(Entries taken from a collection)
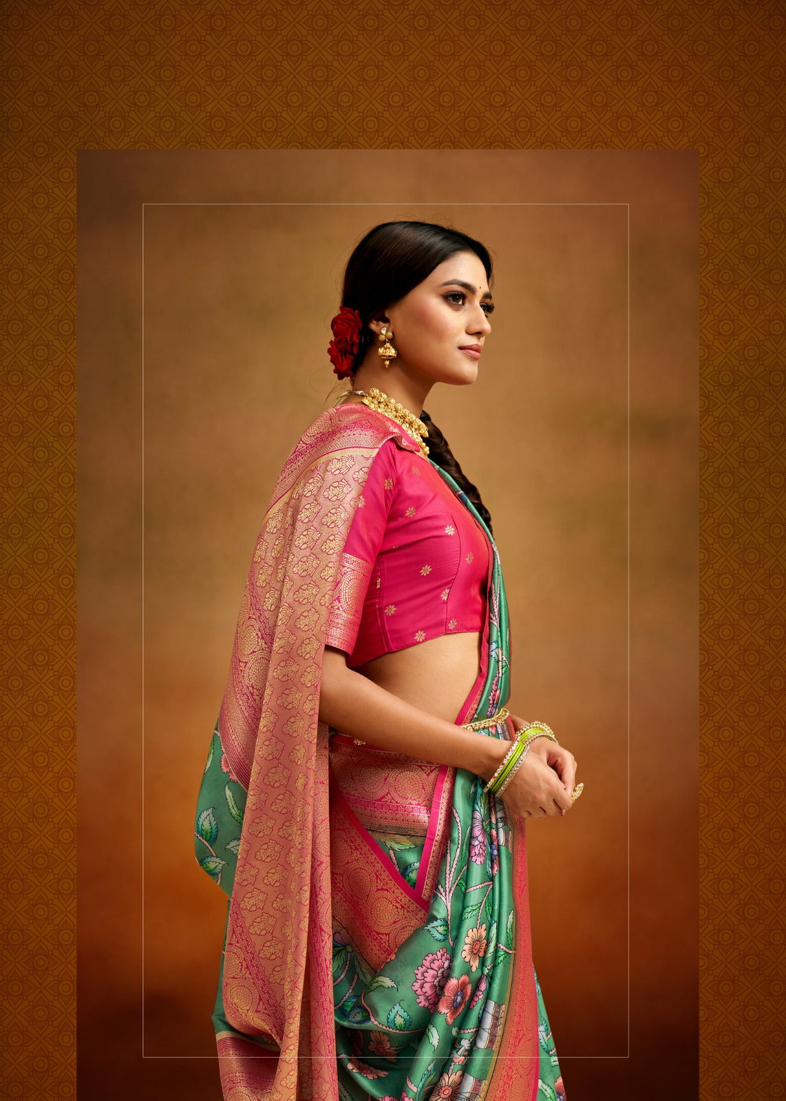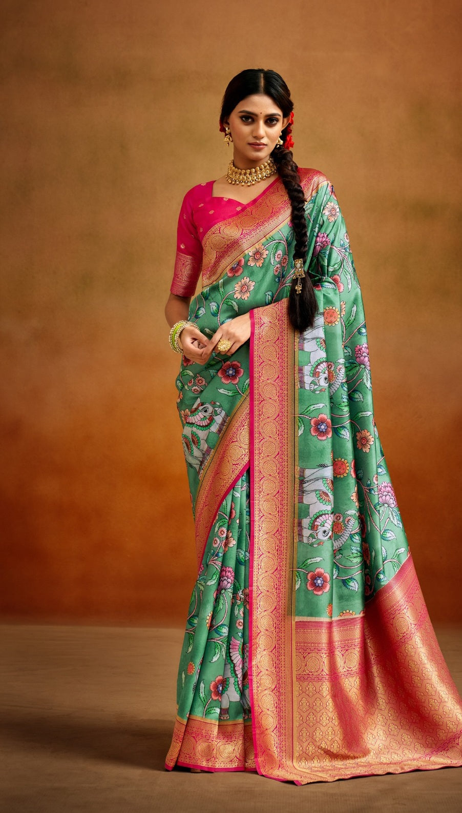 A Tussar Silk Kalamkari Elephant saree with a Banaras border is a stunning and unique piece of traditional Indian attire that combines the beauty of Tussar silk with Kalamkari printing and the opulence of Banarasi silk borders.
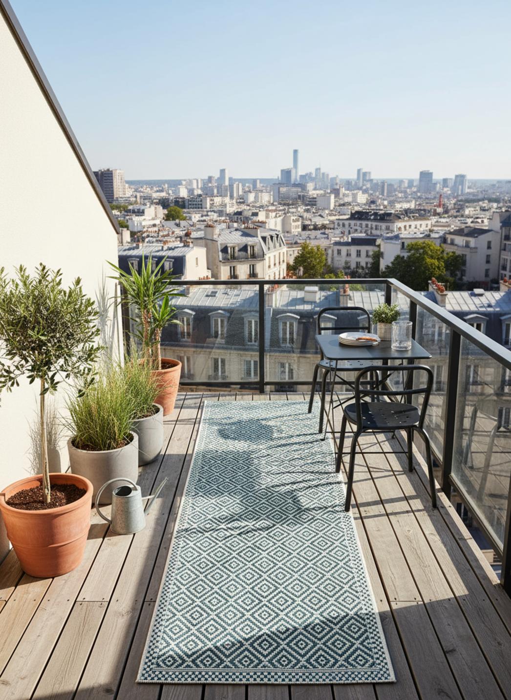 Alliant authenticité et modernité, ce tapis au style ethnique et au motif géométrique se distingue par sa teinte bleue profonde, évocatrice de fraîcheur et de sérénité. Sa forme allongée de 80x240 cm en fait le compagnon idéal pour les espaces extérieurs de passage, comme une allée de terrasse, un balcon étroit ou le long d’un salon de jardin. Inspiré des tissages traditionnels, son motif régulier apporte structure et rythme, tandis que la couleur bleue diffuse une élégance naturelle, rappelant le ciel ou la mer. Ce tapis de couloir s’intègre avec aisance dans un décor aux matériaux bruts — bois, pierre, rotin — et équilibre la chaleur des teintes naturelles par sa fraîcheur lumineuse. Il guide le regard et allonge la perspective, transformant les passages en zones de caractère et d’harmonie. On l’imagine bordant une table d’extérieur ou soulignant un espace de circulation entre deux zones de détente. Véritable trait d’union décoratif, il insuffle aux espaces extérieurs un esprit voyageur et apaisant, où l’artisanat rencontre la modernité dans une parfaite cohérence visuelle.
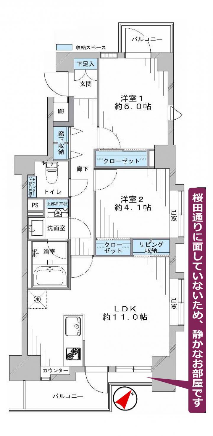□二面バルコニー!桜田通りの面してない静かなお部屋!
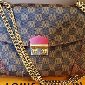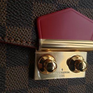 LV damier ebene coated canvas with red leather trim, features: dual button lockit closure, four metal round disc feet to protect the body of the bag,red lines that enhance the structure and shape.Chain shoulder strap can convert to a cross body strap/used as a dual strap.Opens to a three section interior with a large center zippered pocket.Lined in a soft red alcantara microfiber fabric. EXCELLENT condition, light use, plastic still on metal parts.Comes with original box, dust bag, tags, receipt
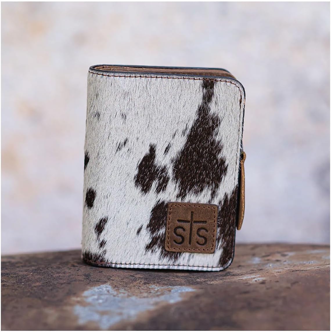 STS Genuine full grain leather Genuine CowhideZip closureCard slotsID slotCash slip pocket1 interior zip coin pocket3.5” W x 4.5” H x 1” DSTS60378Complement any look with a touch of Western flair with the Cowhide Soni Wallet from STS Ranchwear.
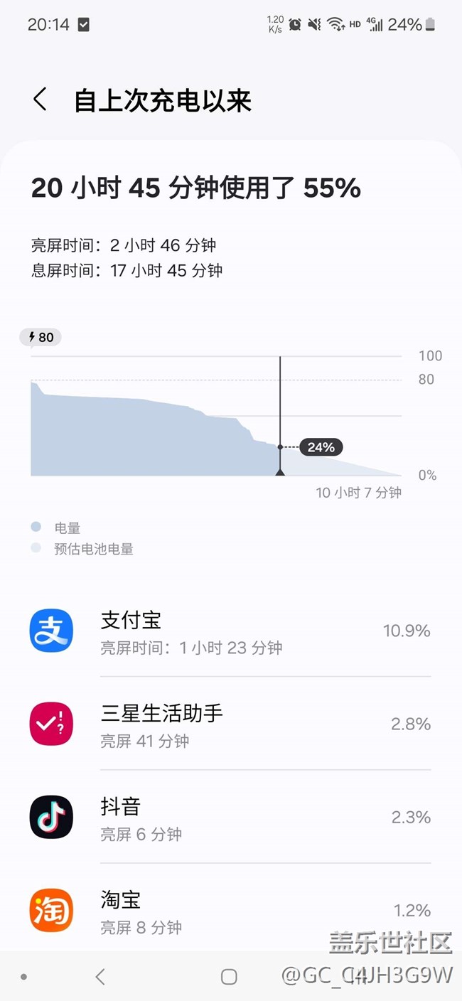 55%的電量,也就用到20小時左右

> **Exercise details**
Using the records above, copy exactly and only the lines from the line with "STS Genuine full" through the end, both included; leave every picture out.

> **Response area**
 STS Genuine full grain leather Genuine CowhideZip closureCard slotsID slotCash slip pocket1 interior zip coin pocket3.5” W x 4.5” H x 1” DSTS60378Complement any look with a touch of Western flair with the Cowhide Soni Wallet from STS Ranchwear.
 55%的電量,也就用到20小時左右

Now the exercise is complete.